→ **Recorded data**:
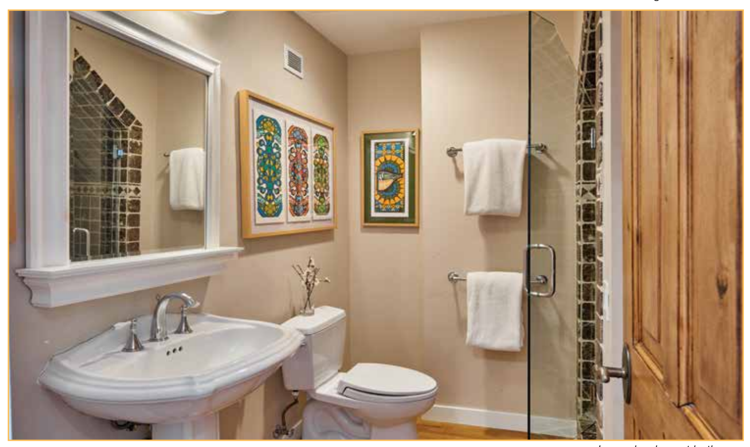
Lower level guest bath
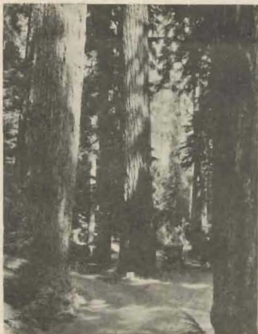
THE CAMP GROUND, COLTON

The facilities for recreation in Colton are unusual. Tennis and baseball will pro-
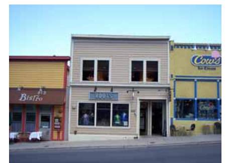
408 MAIN STREET Significant Site Designated Feb. 4, 2009
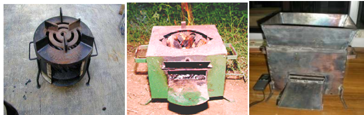
Priyagni Cook Stove

The performance evaluation and experimental study of three different cook stove models such as Priyagni and Harsha and Modified multi fuel cook stoves, have been carried out for water boiling test following BIS standard. All these cook stove models were evaluated for water boiling test and emission test with specific quantity of water in the Aluminium container using the same type of fuel wood prepared as per the BIS standard. Fig. 4.1 Photographic view of various cook stove models during experimental study.
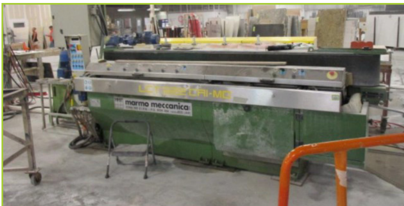
MARMO MECCANICA LCT 522 CAI - MO EDGE/BULLNOSE POLISHER [S/N-6796 ; YEAR-2004]. WITH APPROXIMATELY 3-HP FACING HEAD WITH 90° INDEX ; (2) APPROXIMATELY 2-HP BEVEL HEADS ; APPROXIMATELY 3-HP FACING HEAD WITH MECHANICAL READOUT OF POSITION ; (5) APPROXIMATELY 3-HP POLISHING HEADS ; 12" X 11' VERTICAL FLAT BELT CONVEYOR
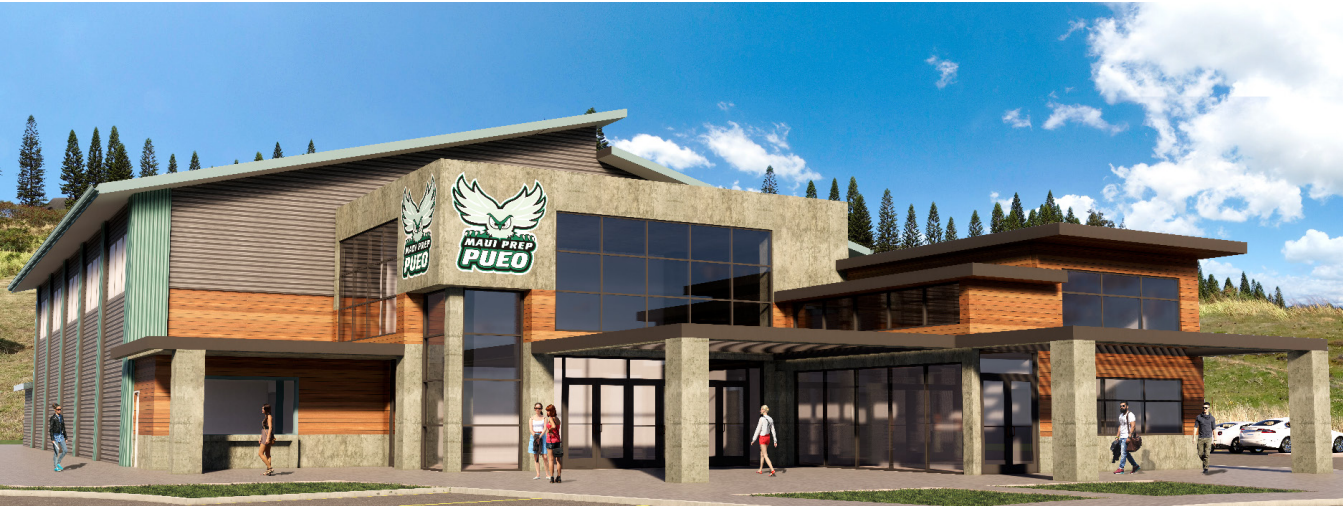
The Bozich Center for Athletics and Performing Arts
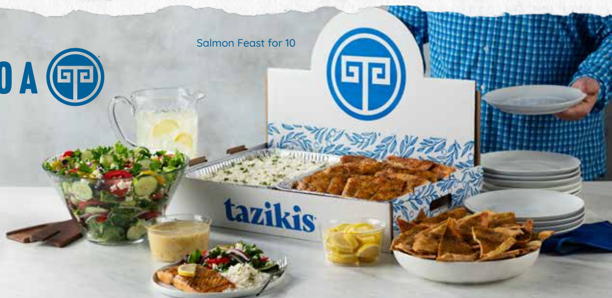
Salmon Feast for 10

→ **Exercise goal**: The answer must be the part of the records that opens with the line containing "The facilities for" and closes with the line containing "The performance evaluation", reproduced exactly, with no pictures.

→ **Your response**:
The facilities for recreation in Colton are unusual. Tennis and baseball will pro-
408 MAIN STREET Significant Site Designated Feb. 4, 2009
Priyagni Cook Stove

The performance evaluation and experimental study of three different cook stove models such as Priyagni and Harsha and Modified multi fuel cook stoves, have been carried out for water boiling test following BIS standard. All these cook stove models were evaluated for water boiling test and emission test with specific quantity of water in the Aluminium container using the same type of fuel wood prepared as per the BIS standard. Fig. 4.1 Photographic view of various cook stove models during experimental study.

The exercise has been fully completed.